Detailed Description
In order to make the aforementioned objects, features and advantages of the present application more comprehensible, embodiments accompanying the present application are described in detail below with reference to the accompanying drawings. In the following description, numerous specific details are set forth in order to provide a thorough understanding of the present application. This application is capable of embodiments in many different forms than those described herein and that modifications may be made by one skilled in the art without departing from the spirit and scope of the application and it is therefore not intended to be limited to the specific embodiments disclosed below.
In the description of the present application, it is to be understood that the terms "central," "longitudinal," "transverse," "length," "width," "thickness," "upper," "lower," "front," "rear," "left," "right," "vertical," "horizontal," "top," "bottom," "inner," "outer," "clockwise," "counterclockwise," "axial," "radial," "circumferential," and the like are used in the orientations and positional relationships indicated in the drawings for convenience in describing the present application and to simplify the description, but are not intended to indicate or imply that the device or element so referred to must have a particular orientation, be constructed and operated in a particular orientation, and are not to be construed as limiting the present application.
Furthermore, the terms "first", "second" and "first" are used for descriptive purposes only and are not to be construed as indicating or implying relative importance or implicitly indicating the number of technical features indicated. Thus, a feature defined as "first" or "second" may explicitly or implicitly include at least one such feature. In the description of the present application, "plurality" means at least two, e.g., two, three, etc., unless specifically limited otherwise.

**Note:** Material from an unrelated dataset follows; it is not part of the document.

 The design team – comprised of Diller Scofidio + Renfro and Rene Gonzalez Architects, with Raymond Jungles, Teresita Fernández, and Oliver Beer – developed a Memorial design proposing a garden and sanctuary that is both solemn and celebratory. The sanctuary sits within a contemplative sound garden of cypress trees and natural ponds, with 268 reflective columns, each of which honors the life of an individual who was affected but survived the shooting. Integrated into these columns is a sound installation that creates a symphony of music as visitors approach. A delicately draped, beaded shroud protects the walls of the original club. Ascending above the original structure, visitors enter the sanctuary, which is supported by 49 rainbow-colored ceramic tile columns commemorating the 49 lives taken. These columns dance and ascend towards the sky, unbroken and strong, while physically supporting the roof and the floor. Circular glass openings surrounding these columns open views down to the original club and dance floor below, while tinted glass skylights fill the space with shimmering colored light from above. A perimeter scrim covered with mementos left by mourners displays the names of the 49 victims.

In this application, unless expressly stated or limited otherwise, the terms "mounted," "connected," "secured," and the like are to be construed broadly and encompass, for example, both fixed and removable connections or integral parts thereof; can be mechanically or electrically connected; they may be directly connected or indirectly connected through intervening media, or they may be connected internally or in any other suitable relationship, unless expressly stated otherwise. The specific meaning of the above terms in the present application can be understood by those of ordinary skill in the art as appropriate.

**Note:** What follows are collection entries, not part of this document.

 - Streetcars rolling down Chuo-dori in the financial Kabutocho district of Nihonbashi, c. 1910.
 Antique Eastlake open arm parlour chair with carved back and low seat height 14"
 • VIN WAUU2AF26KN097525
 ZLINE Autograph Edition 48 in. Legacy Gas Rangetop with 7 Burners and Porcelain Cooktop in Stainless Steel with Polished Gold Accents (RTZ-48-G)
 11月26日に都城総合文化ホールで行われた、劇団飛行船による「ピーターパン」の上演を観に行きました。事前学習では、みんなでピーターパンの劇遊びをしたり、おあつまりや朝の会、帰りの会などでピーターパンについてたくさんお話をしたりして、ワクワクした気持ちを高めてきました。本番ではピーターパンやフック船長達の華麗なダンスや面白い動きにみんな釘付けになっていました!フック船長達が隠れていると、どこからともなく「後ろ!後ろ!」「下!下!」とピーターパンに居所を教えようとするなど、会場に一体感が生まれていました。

In this application, unless expressly stated or limited otherwise, the first feature "on" or "under" the second feature may be directly contacting the first and second features or indirectly contacting the first and second features through intervening media. Also, a first feature "on," "over," and "above" a second feature may be directly or diagonally above the second feature, or may simply indicate that the first feature is at a higher level than the second feature. A first feature being "under," "below," and "beneath" a second feature may be directly under or obliquely under the first feature, or may simply mean that the first feature is at a lesser elevation than the second feature. It will be understood that when an element is referred to as being "secured to" or "disposed on" another element, it can be directly on the other element or intervening elements may also be present. When an element is referred to as being "connected" to another element, it can be directly connected to the other element or intervening elements may also be present. The terms "vertical," "horizontal," "upper," "lower," "left," "right," and the like as used herein are for illustrative purposes only and do not denote a unique embodiment.
Example 1
As shown in fig. 1, the earphone shell based on the high-performance composite lattice structure elastomer according to the present embodiment includes a shell body 1.

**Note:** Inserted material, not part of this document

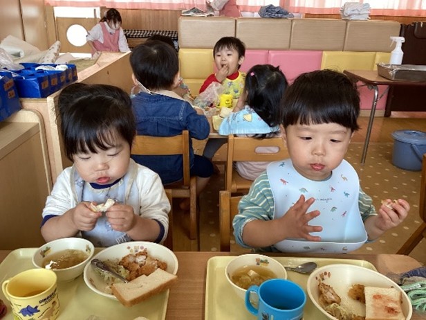 「美味しいよ!」とお友だちや保育者と会話しながら食べる給食の時間はとっても楽しいですね!
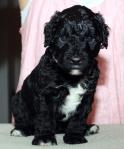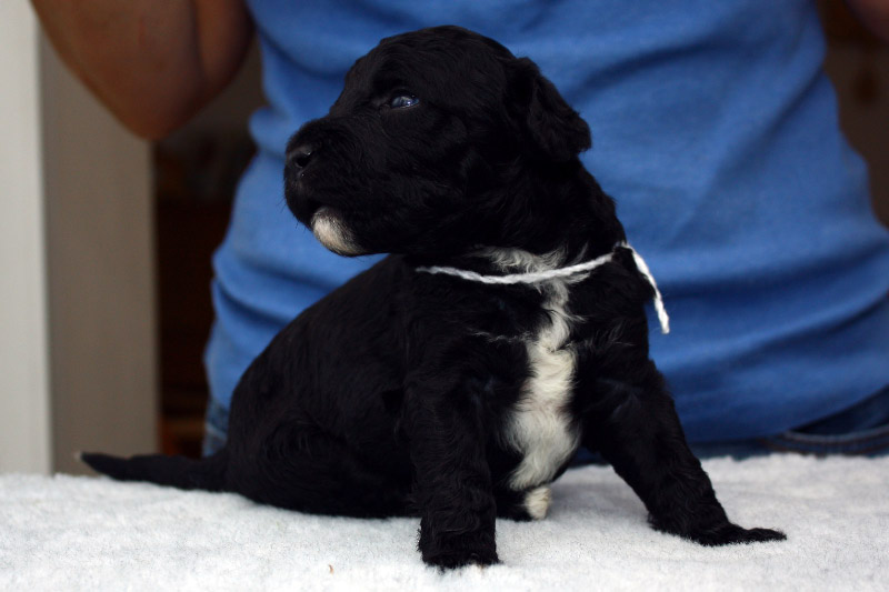 Hvit» veide 262 g når han ble født. Allerede etter en uke så vi at pelsen var litt mer bølgete enn de fleste av de andre valpene. Det blir spennende å se om han blir krøllete eller bølgete. Han var den første som begynte å åpne øynene på dag 15 og utmerket seg tidlig som en ordentlig kosegutt.

The shell body 1 comprises a lattice structure elastomer 10 and an elastic resin layer, wherein the lattice structure elastomer 10 takes Thermoplastic Polyurethane (TPU) as a raw material, the lattice structure elastomer is printed out by 3D through powder sintering molding, and the process parameters are that the main temperature is 100-120 ℃, the laser power is 50W, the scanning speed is 4000-8000mm/s, and the scanning distance is 0.2mm.
The elastic resin layer is formed in the internal pores of the lattice structure elastic body 10 and bonded to the lattice structure elastic body 10.
The lattice structure elastomer 10 is a thermoplastic elastomer formed by 3D printing, the porosity of the thermoplastic elastomer is 15% -35%, and the density of the thermoplastic elastomer is 0.7-1.1g/cm < 3 >.
The hardness of the elastic resin composing the elastic resin layer is more than 50A Shore hardness and less than 40D Shore hardness, the viscosity at 25 ℃ is less than 12000cP, the tensile strength is more than 5MPa, and the elongation at break is more than 120%.
The mass of the elastic resin layer is 10-30% of that of the thermoplastic elastomer. The strength, elasticity and impact resistance of the shell body are improved, and the optimized weight reduction is realized on the premise that the elastic buffering capacity is enough.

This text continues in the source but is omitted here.